Tightening of monetary policy would contribute to a sovereign debt crisis and possibly financial market distress. The creation of EU bonds would make it possible to swap public securities held by the ECB and EU bonds and eventually to conduct YCC if and when desirable. The increase (€3.1 trillion) in the size of the euro zone consolidated balance sheet over the period from the end of 2014 till the first quarter of 2020 has inflated the size of monetary policy instruments (e.g. current accounts, deposit facility). It has also led a significant increase in the size of the balance sheet autonomous factors and of the banking sector liquidity. At the end of March 2020, the amount of autonomous factors stood at € 2.8 trillion. Besides currency in circulation, holdings at central banks by non-financial institutional clients (e.g., governments) are a main driver of autonomous factors in the Eurosystem.

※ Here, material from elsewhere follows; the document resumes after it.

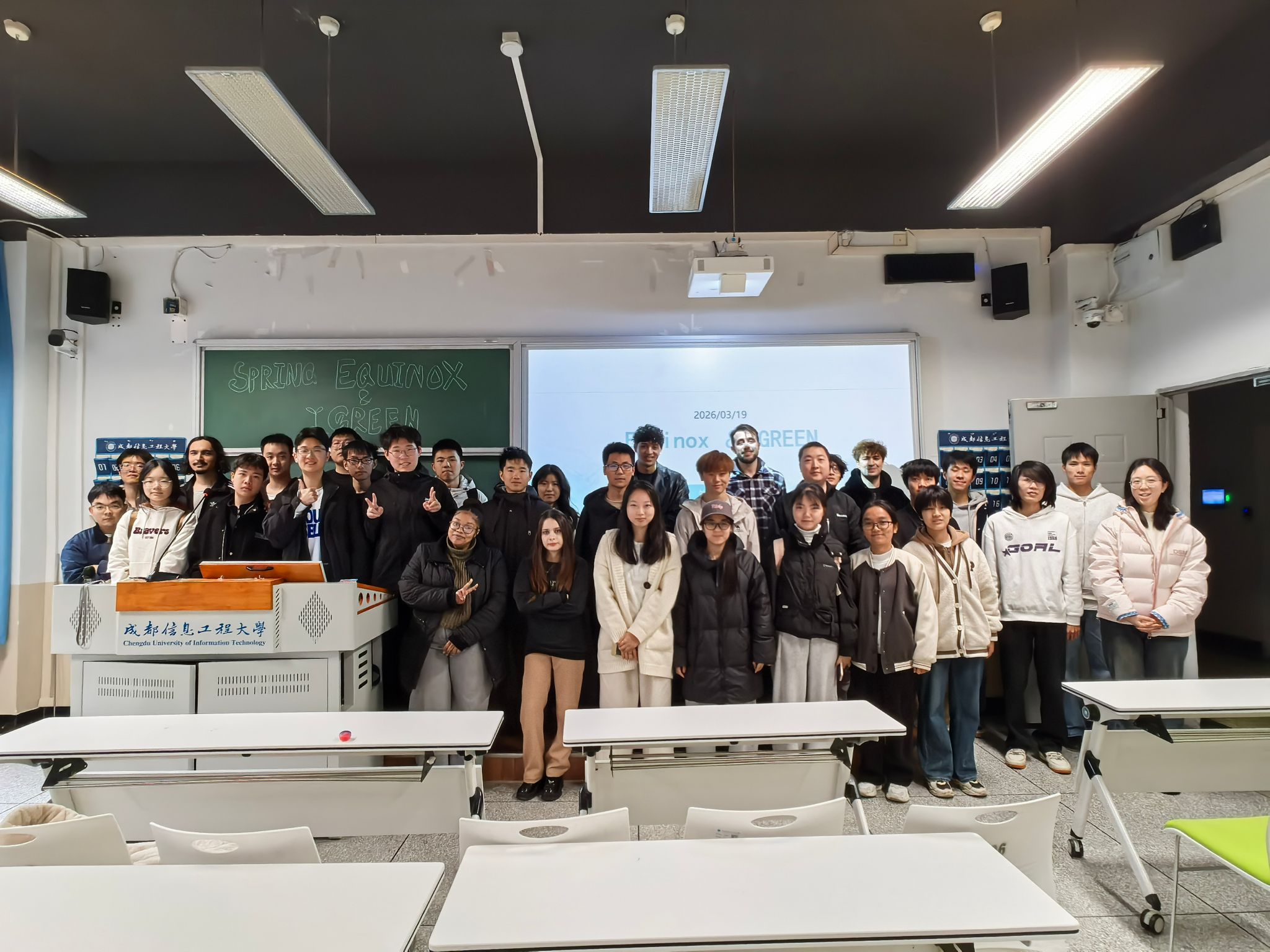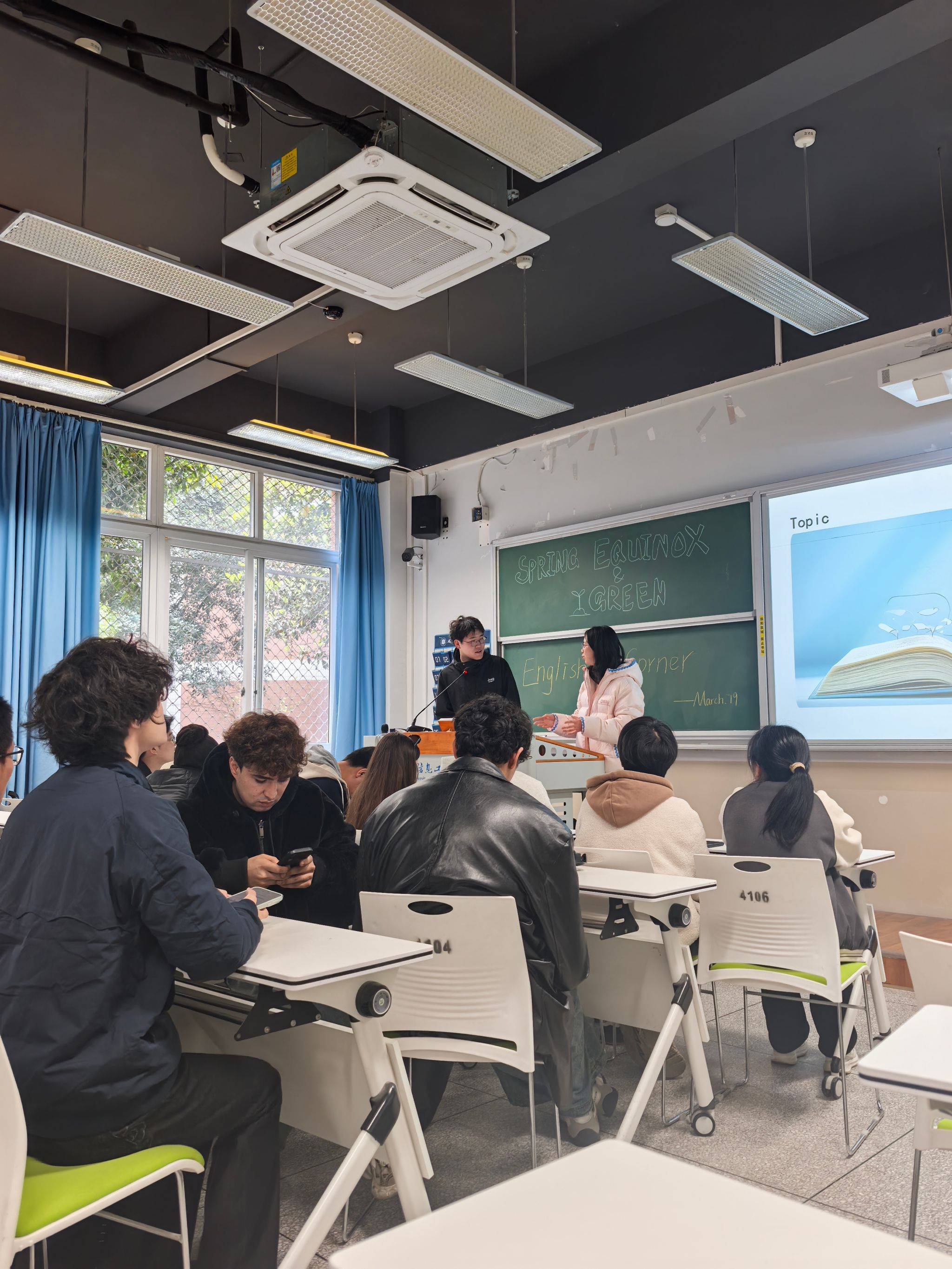 To celebrate the 24 Solar Terms, an essential part of Chinese culture, and to foster cross-cultural dialogue and environmental awareness among Chinese and international youth, the English Corner event themed "Spring Equinox and Green" was successfully held in Classroom 4104 at the Airport Campus from 14:00 to 15:00 on March 19, 2026. Organized by the Foreign Language Club, the event invited seven international guests, including foreign teachers and international students, to join local students in using English as a medium to explore the cultural significance of the Spring Equinox and share ideas on ecological protection.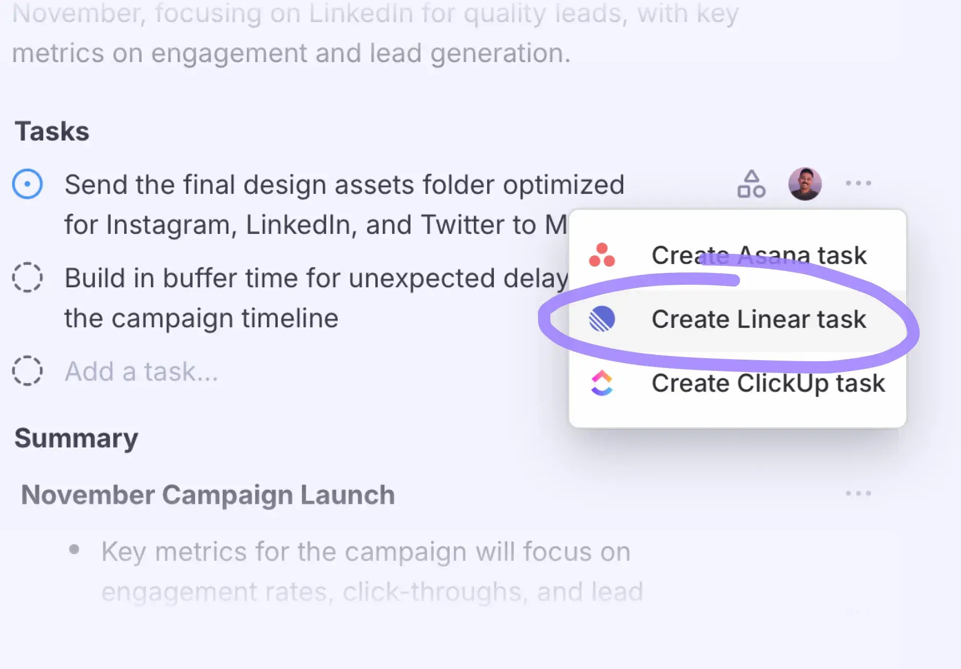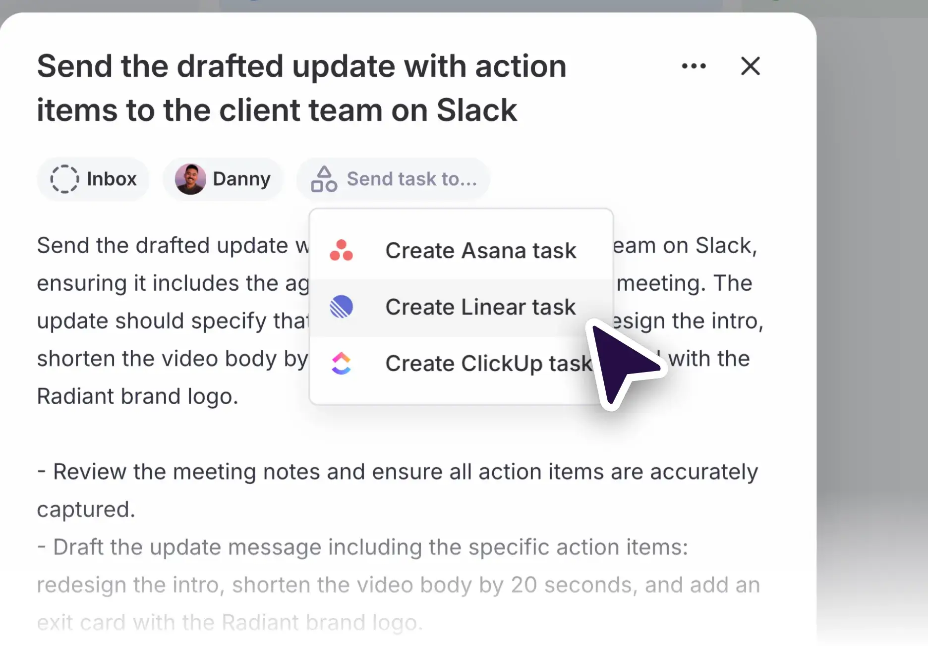When creating a Linear task, select the right assignee and team directly from Supernormal.

The amount of excess reserves ballooned to about €2 tn at the end of March 2020. On the asset side of the ECB consolidated balance sheet, the amount of policy assets (lending to euro area credit institutions related to monetary policy operations and securities of euro area residents denominated) was about €1.7 tn higher than the excess liquidity. The winding-down of excess liquidity is thus a remote prospect. Experts, including the IMF, are warning that unwinding Quantitative Easing could cause a super taper tantrum, with increased volatility in the markets and a fight for liquidity.

Whenever, the monetary policy normalises – presumably gradually -, liquidity will become scarcer, which could cause inter-bank rates to drift above the deposit facility rate, depending on the autonomous factors demand which are not under the ECB’s control. In fact, a high sell-off of securities held by the EBC will lead to liquidity crunch. Moreover, the adequacy between demand and supply of liquidity will be challenged by the current excess liquidity that is highly concentrated in five eurozone countries and among the area’s biggest 50 banks. The other banks that rely heavily on excess liquidity to meet the Liquidity Coverage Ratio (LCR) requirement might face problems, which could have financial stability implications, likely upward pressures on interest rates and possibly lower growth.